When I used to work at a corporate, there were co-workers who would constantly give advice about languages, tech stacks, and whatnot -- without knowing how to code themselves. Even the SEO guy used to comment on why Node.js is not scalable and why we must use Python. 😂
Do you have any such experience?
Maybe, but I think there's a benefit to having non-coders give advice.
People whose minds are not limited to the restrictions we developers "know" about technology will have ideas that go beyond those restrictions and innovations. Then we'll find out that those restrictions maybe aren't so solid, and we start to push the boundaries.
What I mean to say is, yes it can be annoying to have people talking about things they don't understand, but we need them in order to continue to innovate.
That being said, I'll share a story of the most annoying such encounter that I have come across:
There was this guy I was working with (not a software job), and we got onto the topic of our hobbies.
I said "I like coding".
He says, "Oh, I mostly like to do hacking"
I said, "Oh, cool! So how do you set up a lab so you're not doing anything illegal?"
And then things went south.
"Oh, I took apart my Kindle and turned the screen around so the Amazon logo shows up backwards. Now Amazon can't legally sue me."
🤦♂️ This is wrong on a number of levels
I don't remember what I said after that, but he ended up talking to me about "PI addresses", and how he knows "everything about hacking except the words".
Not a pleasant experience overall.
Depends. I hate when I hear something like "that doesn't take so much time" or "that is easy" from someone who cannot write "Hello, World!".
I was but I am not anymore ;D. Because these days I am lucky enough that I rarely gotta discuss code with non coders. And tbh a lot of coders often aren't better with their language religions.
But my favorite story was roughly 6 years ago, when a customer asked us to rewrite an application with bootstrap. But he didn't mean styling he actually meant the whole backend and everything in bootstrap :).
There is no dearth of those individuals.. As UI/UX enthusiast, I got to face it very often(did I say, almost every week?) where the comments are not only on languages, stack etc.. but hilarious perceptions on usability, user context and way of doing things.
Caleb H.
Co-founder of High/Low
Gergely Polonkai
You have to believe in things that are not true. How else would they become?
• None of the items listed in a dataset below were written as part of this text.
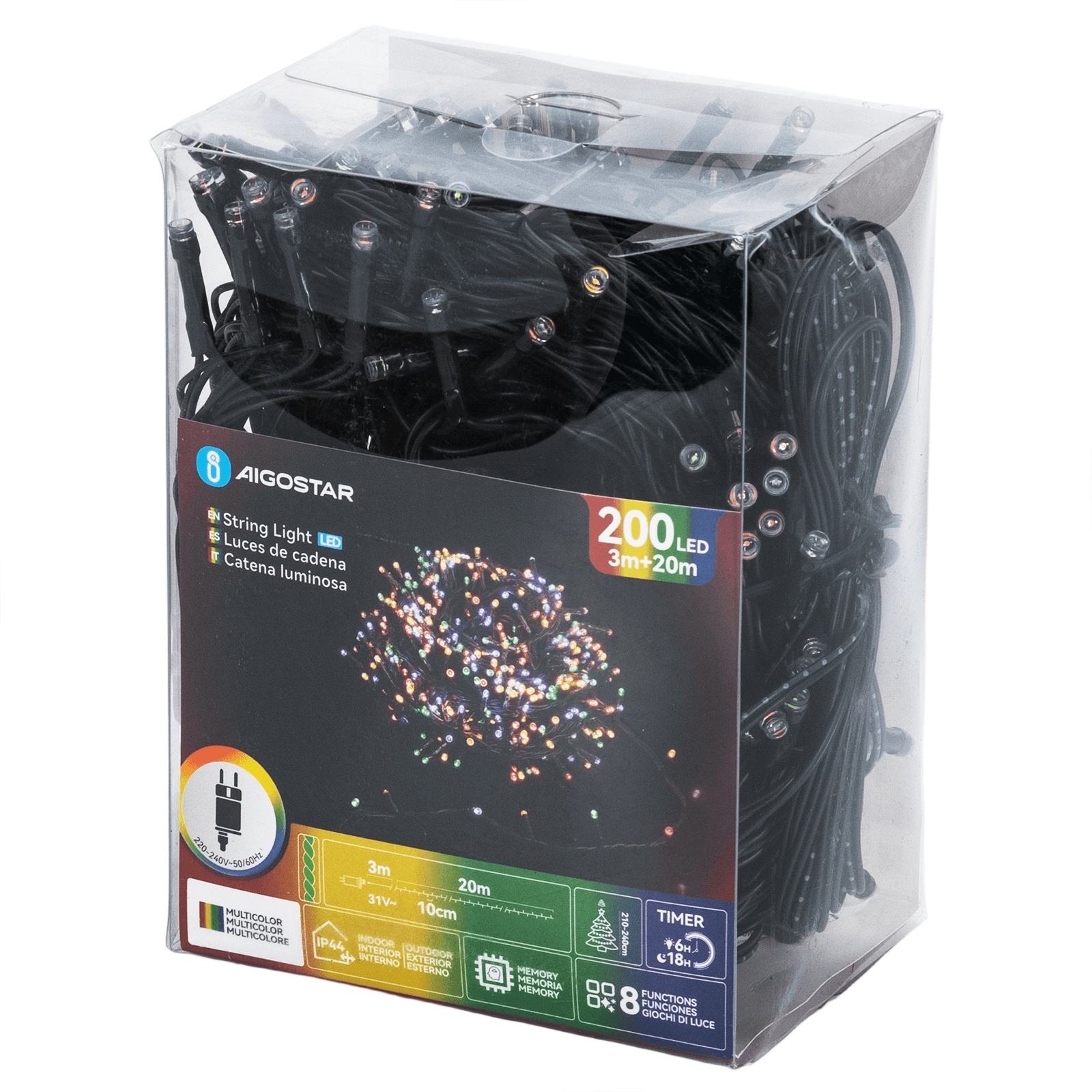 • Aigostar - LED vonkajšia vianočná reťaz 200xLED/8 funkcií 23 m IP44 viacfarebná
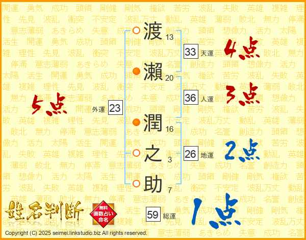 渡(13画)瀨(20画) 潤(16画)之(3画)助(7画)
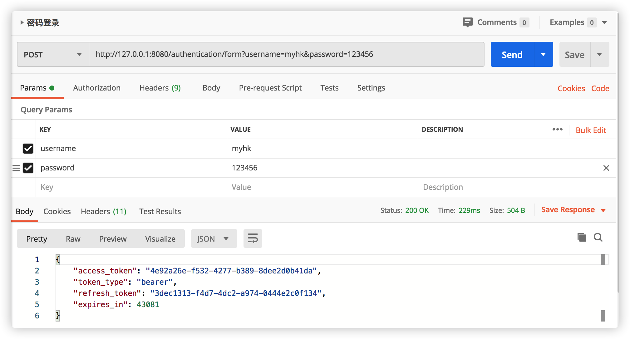 改造之前密码登录返回标准的OAuth2登录成功报文
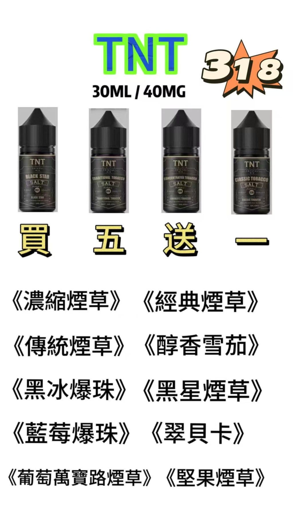 買五送一!現在購買TNT電子煙油,任選五瓶即可免費獲得一瓶,數量有限,錯過不再有!趕緊把握機會,體驗TNT帶來的經典菸草風味。

Nowadays, i donʼt meet such people too often. If i do meet non-technical people, they are intelligent enough that they donʼt make such comments.
However, i had my fair share of getting these and, surprisingly enough, most of these people were managers at high tech companies. Except for a few cases i was lucky and my immediate manager had my back.
When i wasnʼt that lucky, i told these people that i hope they are right and i will finish said work in that short time or that small effort. In case I donʼt, though, I give myself a buffer so i can meet the deadlines and as a best case scenario we can go back to the clients with a solution faster than we promise.
Yeah. Politics are ugly. If you mess it up, you play with your job. But if you allow non-technical managers to set deadlines without thinking it through, you play with your sanity.
I choose my sanity.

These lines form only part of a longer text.